Clearly, fair reporting was not the newspaper’s aim. The tendencies in large circulating newspapers to play the sinister political tune of the Hindutva right goes back decades, heightened during the aggressive mobilization of the majoritarian right in the mid 1980s.
These observations by the late media analyst Praful Bidwai, in Communalism Combat, August 1997, bear recall. The article was in an issue of the journal that was assessing 50 Years of Indian Secularism, titled, “Media in Service of Communalism.” Bidwai writes:
One of the most important—and yet among the saddest-changes to have occurred in the Indian media over the past 50 years is its communalization, or at least, its opening up to communal influences as never before.
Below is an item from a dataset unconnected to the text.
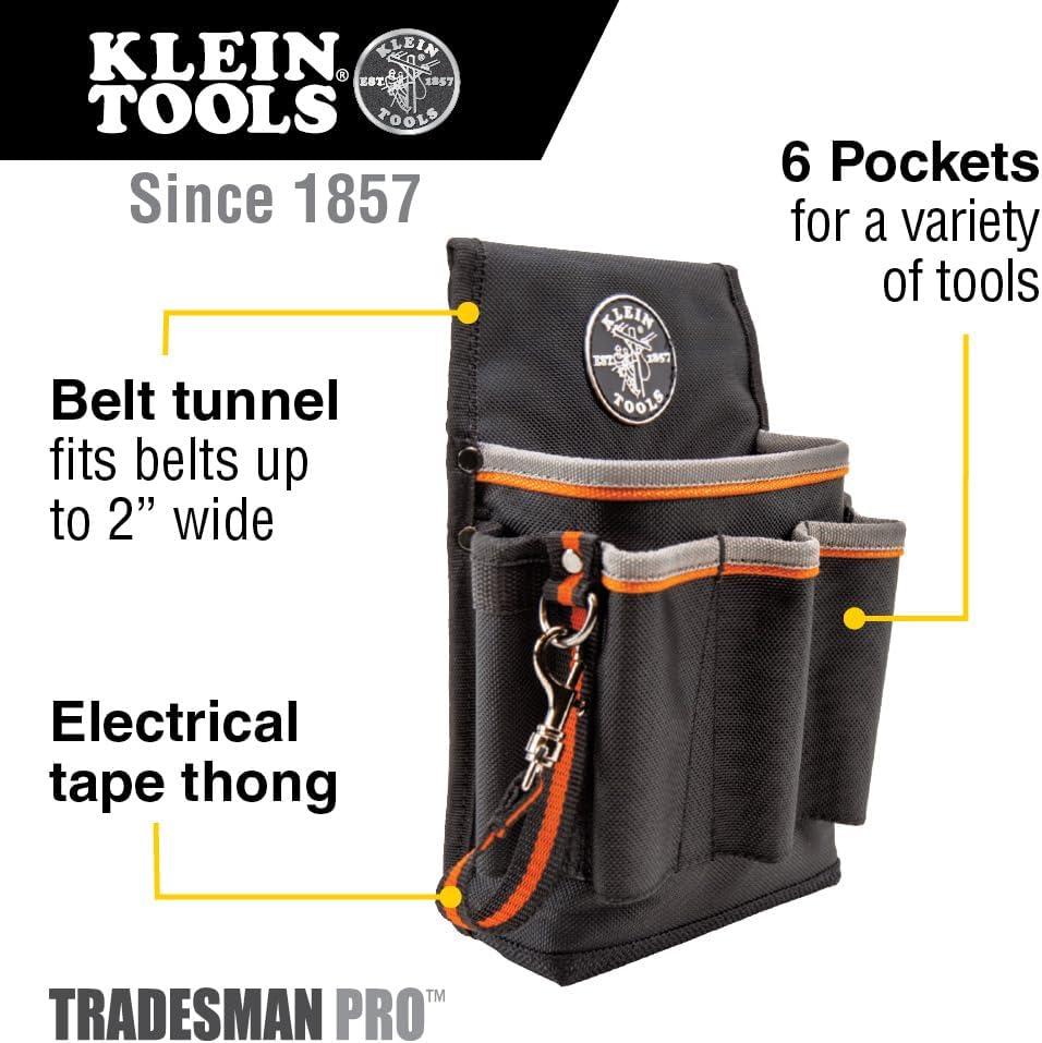 Klein Tools 5242 Tool Pouch, Tradesman Pro tool Pouch with Electrical Tape Thong, Reinforced Bottom, 9 Pockets(6-Pocket Pouch)

The respectability that Hindutva has acquired among the upper and middle class elite of the despicable Ram temple campaign culminating in the destruction of the Babri mosque in December 1992, and in horrific pogroms and riots the following month, would have been quite inconceivable without the media’s complicity with and soft line on the sangh combine.
It is also a fact of no mean consequence that the top journalists and columnists of India’s largest-circulation English-language magazine are not just BJP sympathizers, but hardcore RSS supporters, no less. Today, in most English-language newspapers and magazines-to a discussion of which this article is largely confined-pro-BJP articles, stories and leaders far out-number those that are strongly secular or liberal and left-wing in character.
This is a far cry from the early years of independence when the mainstream English-language press would treat the Jana Sangh, and in particular the RSS, as politically unacceptable, and as part of the lunatic fringe, far beyond the secular-democratic pale. This was only partly because of the trauma of Partition which witnessed the unfolding of the horrible consequences of communalism (of which the BJP is a legatee) and the assassination of Gandhi (the work, clearly and self-confessedly, of Hindutva).
It was also because the RSS Jana Sangh was seen as a fundamentally intolerant, parochial force that threatened unity, social cohesion and nation-building much in the way casteism or linguistic-regional chauvinism did.
It is this trend within the media which is today sharp and heightened with aggressive corporate control. Leave alone diversity and democratic coverage of trends and interests, this hegemonization threatens the very credibility of large sections of the Indian media today.